Women's peacemaking on this day

  • 1976 Close of historic Nonviolent Women's Conference, Les Circauds, France.

  • 2005 UN Development Fund for Women (UNIFEM) issued a call for international powers to recognize and foster women's participation in conflict resolution and peacemaking.

  • 2012 Four Cuban Women in White arrested Havana for Literary Tea Party human rights protest.

  • 2015: Creators of Peace women at the International Peace-builders Forum workshop, Caux, Switzerland.

July 19

Women peacemakers born today

  • 1919 Eve Merriam born Philadelphia, PA (d. 1992). Quaker playwright, poet.

  • 1941 Vikki Carr born El Paso, TX. Bilingual singer, philanthropist; donor of scholarships for Hispanic students.

  • 1955 Samina Faheem Sundas born Punjab, Pakistan. American Muslim community organizer. Founded American Muslim Voice to cultivate interfaith dialogue, 2003. Awarded Fellowship of Reconciliation Martin Luther King Jr. Peace Prize, 2007.

Women's peacemaking on this day

  • 1848 Seneca Falls Declaration of Sentiments. First Women's Rights convention met, on call of Lucretia MottMartha WrightElizabeth Cady Stanton"We hold these truths to be self-evident: that all men and women are created equal."

  • 1922 One million petitions given to President Harding in Children's Crusade for Amnesty for political prisoners, organized by Kate Richards O'Hare.

  • 1974 Martha Tranquilli began 9 months in San Pedro prison for tax refusal during Vietnam War. "So long as my government acts immorally and illegally in my name, I will call it to account."

  • 1989 Betsy Corner and Randy Kehler's house seized by IRS for tax refusal, Colrain, MA.

  • 1990 Women Commissioners agreement to first continuous meeting of indigenous peoples, Quito. "Militarism is anti-life, anti-Earth, anti-women."

July 20

Women peacemakers born today

  • 1866 Ada Salter born Raunds, Northamptonshire (d. 1942). British social reformer headed Bermondsey Settlement; Quaker pacifist; Christian Socialist; house was stoned for opposition to World War I and support of Non-Conscription Fellowship; co-founder WILPF; postwar WILPF aid to German and Austrian refugees; first woman mayor in London, 1922; environmental pioneer; opposed World War II.

  • 1878 Emilia Fogelklou born Simrishamn, Sweden (d. 1972). Swedish theologian, feminist, women's historian, teacher, pacifist; one of first Quakers in Sweden 1931; early member of WILPF and International Fellowship of Reconciliation.

  • 1921 Zofia Kuratowska born Skolimów-Konstancin, Poland. Physician, activist, and politician. Leading female organizer of Solidarity movement, 1980. Protested state of war, 1982. President of Senate, 1989-97.

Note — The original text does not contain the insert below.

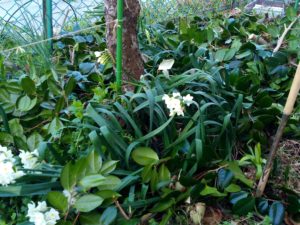 左&中: 梅の木の下は昨日カイヅカイブキを切る時に負傷した椿の枝を切り離し、広葉樹なので、葉を梅の樹冠下に撒きました。

  • 1927 Lyudmila Alexeyeva born Yevpatoria, Crimea, USSR. Russian human rights activist; Soviet dissident; archaeologist and historian. Co-founded Russian human rights organization Moscow Helsinki Group, 1976.

  • 1939 Judy Chicago born Chicago, IL. Anti-war feminist and artist; contributed to LA Peace Tower against Vietnam War, 1966; Holocaust Project, 1993.

  • 1964 Bui Thi Minh Hang born Vietnam. Arrested Hanoi 2011 and sentenced to reeducation for peaceful protest against arrest of protesters.

  • 1969 Jeroo Billimoria born Mumbai, India. Founded Child Helpline International, 2004, Childline India Foundation, 1996.

  • 1980 Gisele Bundchen born Três de Maio, Rio Grande do Sul, Brazil. Supermodel; Goodwill Ambassador of UN Environmental Program, 2009.

Women's peacemaking on this day

  • 1848 World's first women's rights convention concluded Seneca Falls, promising more meetings.

  • 1991 Mothers of the Soldiers of Belgrade: "We refuse that our sons become the victims of senseless militarists. . . It is a disgrace to win a fratricidal war."

  • 2002 Women, War and Peace Seminar, Geneva: "Throughout history, women have negotiated peace."

  • 2011 Catherine-Ann MacDougal climbed oak tree in nonviolent protest against strip mining, Marfork WV.

  • 2012 Women for Women protested violence Colombo, Sri Lanka.